Requirement:
Extract the lines beginning at the one that holds "Notre Dame’s Materials" and ending at the final line of the material below, keeping them exact and leaving out all pictures.

-- Given data follows --

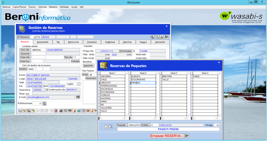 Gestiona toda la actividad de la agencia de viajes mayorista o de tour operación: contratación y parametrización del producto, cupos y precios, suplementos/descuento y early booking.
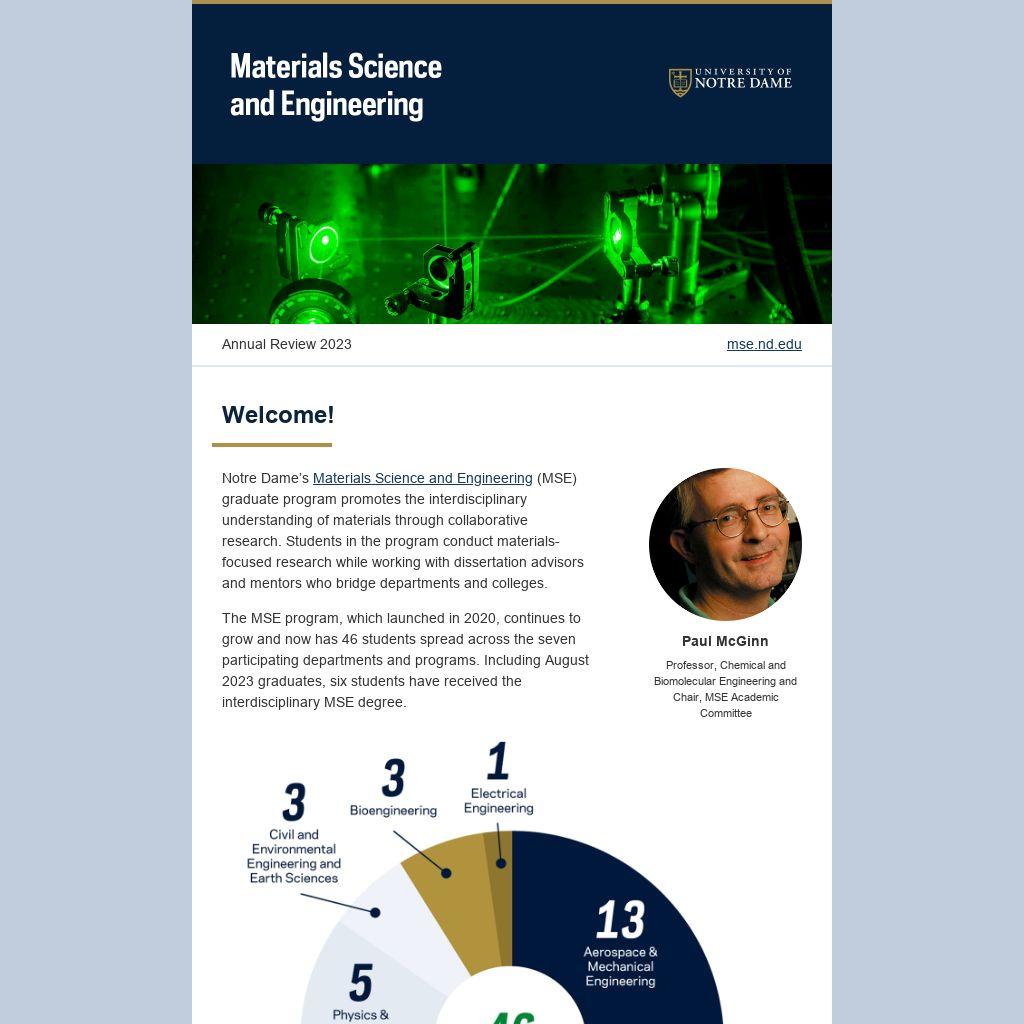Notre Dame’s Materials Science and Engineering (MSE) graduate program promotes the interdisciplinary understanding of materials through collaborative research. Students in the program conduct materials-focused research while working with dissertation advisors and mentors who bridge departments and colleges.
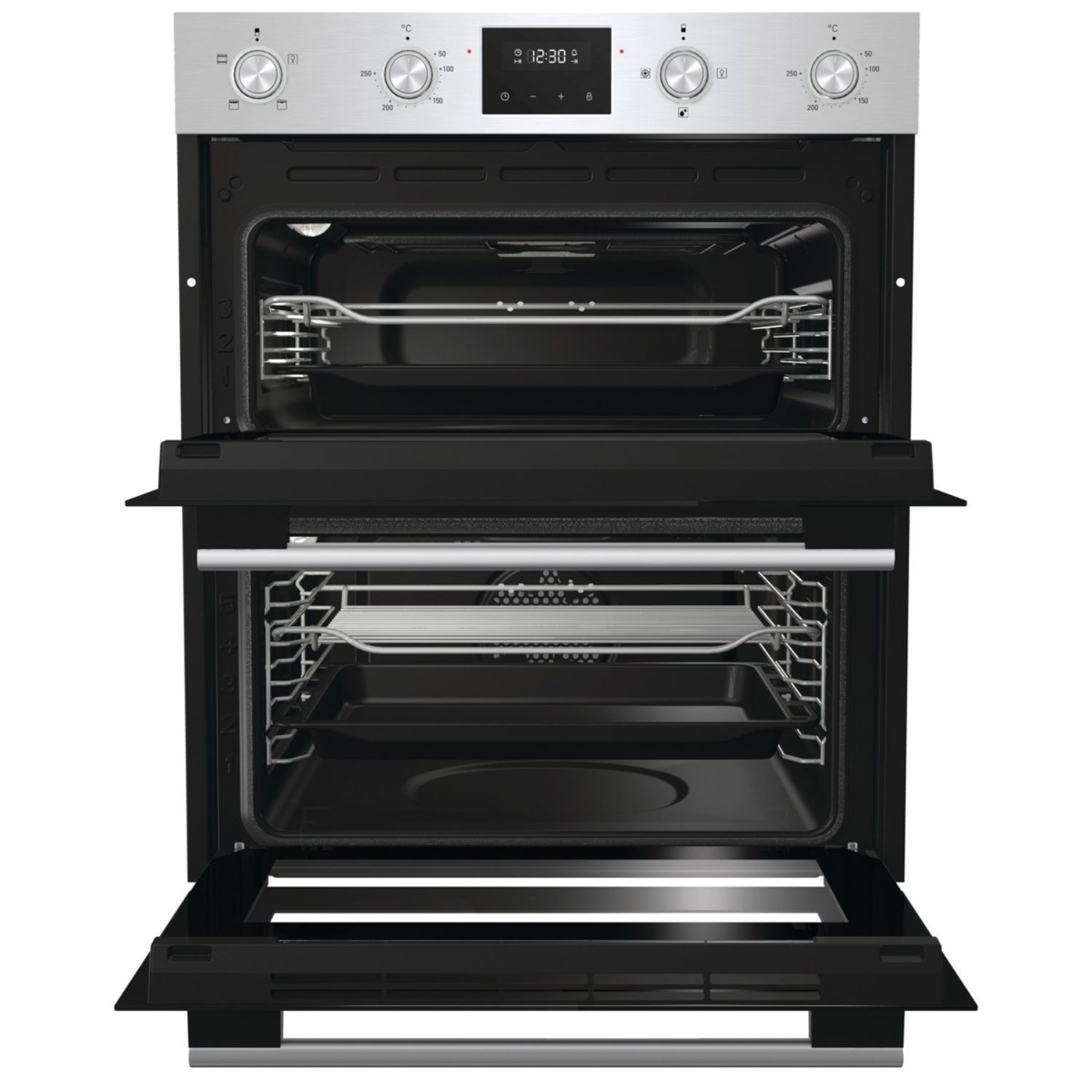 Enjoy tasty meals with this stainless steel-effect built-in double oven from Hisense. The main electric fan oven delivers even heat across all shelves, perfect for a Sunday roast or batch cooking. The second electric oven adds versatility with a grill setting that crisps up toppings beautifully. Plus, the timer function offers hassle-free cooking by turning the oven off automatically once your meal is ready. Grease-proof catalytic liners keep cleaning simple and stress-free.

-- Given data concluded --

Written answer:
Notre Dame’s Materials Science and Engineering (MSE) graduate program promotes the interdisciplinary understanding of materials through collaborative research. Students in the program conduct materials-focused research while working with dissertation advisors and mentors who bridge departments and colleges.
 Enjoy tasty meals with this stainless steel-effect built-in double oven from Hisense. The main electric fan oven delivers even heat across all shelves, perfect for a Sunday roast or batch cooking. The second electric oven adds versatility with a grill setting that crisps up toppings beautifully. Plus, the timer function offers hassle-free cooking by turning the oven off automatically once your meal is ready. Grease-proof catalytic liners keep cleaning simple and stress-free.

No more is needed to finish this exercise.